» **DATA BELOW**
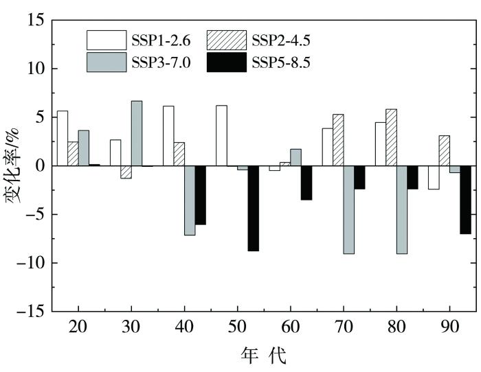 不同排放情景下21世纪不同年代黄河源区唐乃亥站径流量相对历史时期(1976—2018年)的变化率
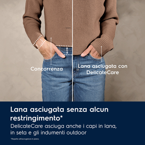 DelicateCare utilizza la tecnologia della pompa di calore per asciugare capi delicati con temperature e movimenti del cesto su misura aiutando i vestiti a durare più a lungo. Anche tessuti come la seta e la lana vengono asciugati con cura. Certificato Woolmark.
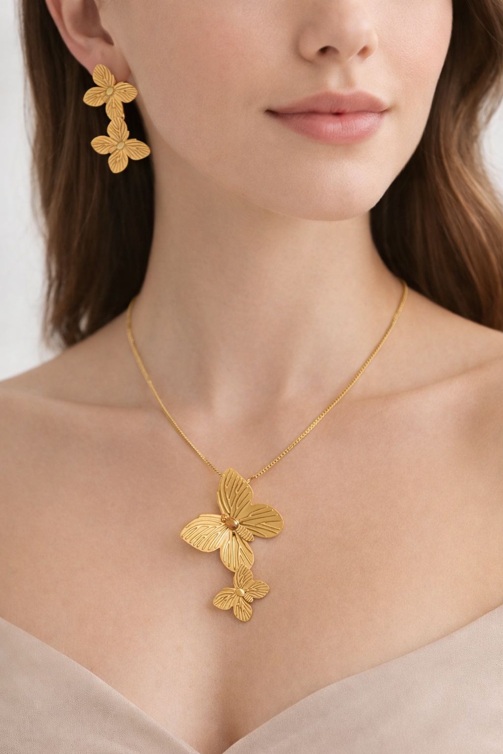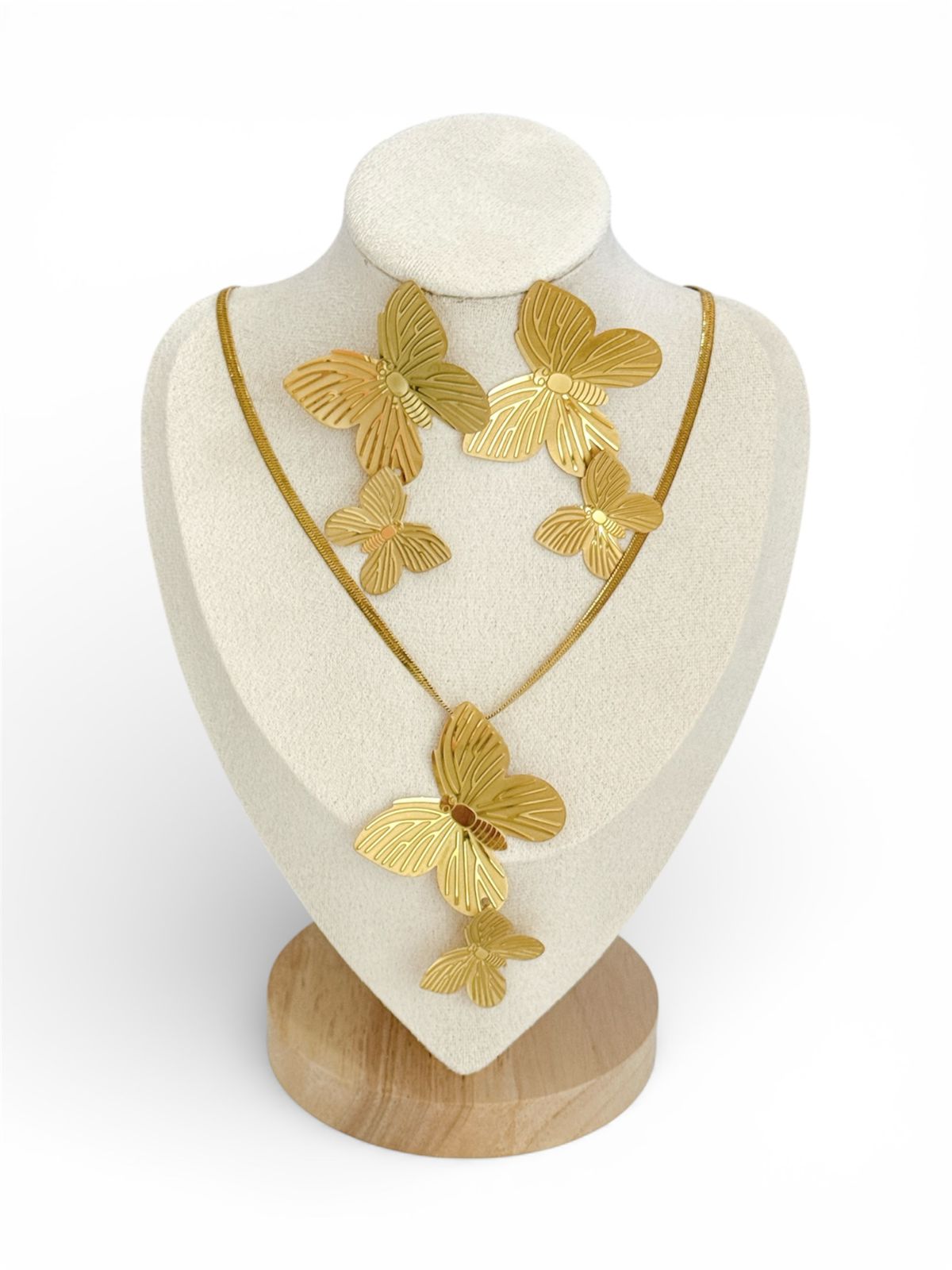 COLLAR Y ARETE DOBLE MARIPOSA GRANDE DORADO
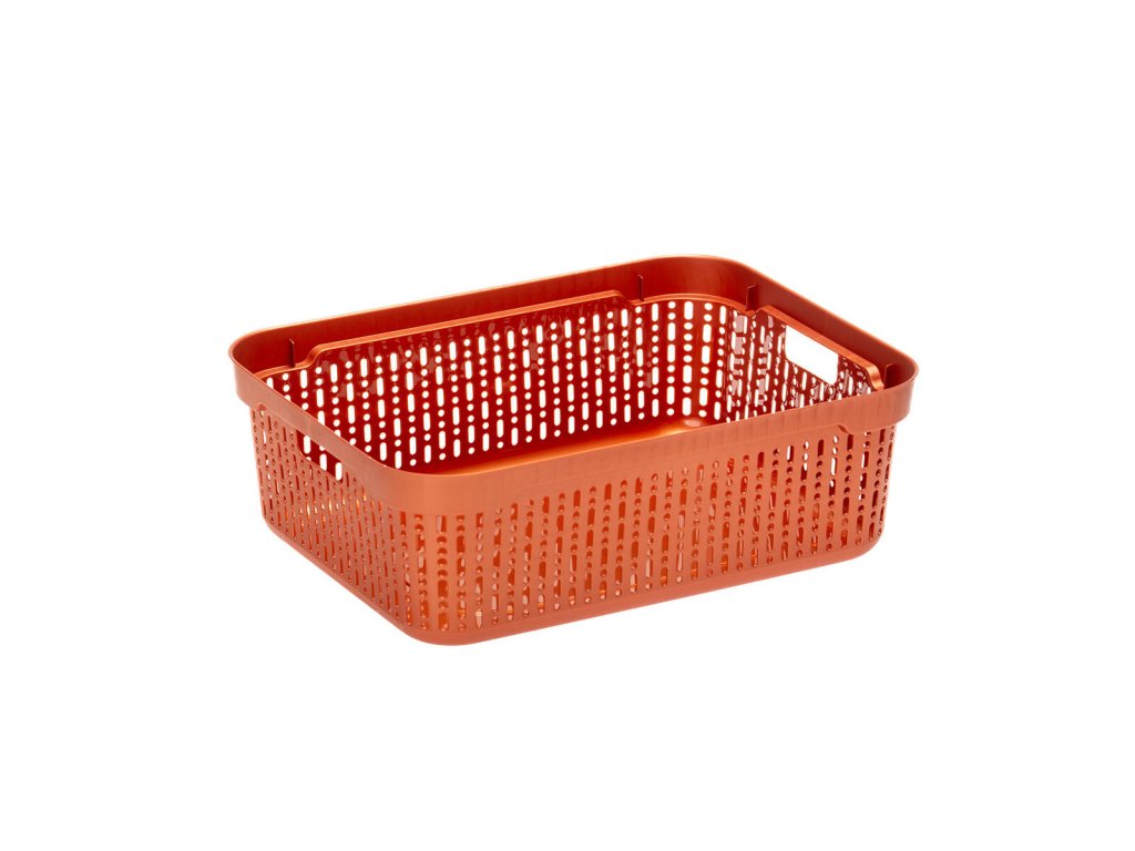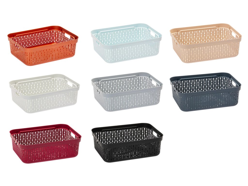 Košík MORSETTA 39,3 x 30 x 13 cm, PH mix barev. rozměry: 39,34 x 29,94 x 13,1 cm materiál: plast mix barev: světle modrá, bílá kouřová, měděná, tmavě šedá, světle šedá, vínová, černá, béžová Plastový košíček je univerzální pomocník v domácnosti. Je možné ho využít pro úschovu věcí v domácnostech nebo přenášení a odložení věcí. Košíček je velmi lehce omyvatelný od nečistot.Obrázky jsou pouze ilustrativní.

» **WHAT YOU HAVE TO DO**
Each line from the one containing "COLLAR Y ARETE DOBLE MARIPOSA GRANDE DORADO" through the end of the listing is to be set down exactly, with all pictures left out.

» **ANSWER AREA**
 COLLAR Y ARETE DOBLE MARIPOSA GRANDE DORADO
 Košík MORSETTA 39,3 x 30 x 13 cm, PH mix barev. rozměry: 39,34 x 29,94 x 13,1 cm materiál: plast mix barev: světle modrá, bílá kouřová, měděná, tmavě šedá, světle šedá, vínová, černá, béžová Plastový košíček je univerzální pomocník v domácnosti. Je možné ho využít pro úschovu věcí v domácnostech nebo přenášení a odložení věcí. Košíček je velmi lehce omyvatelný od nečistot.Obrázky jsou pouze ilustrativní.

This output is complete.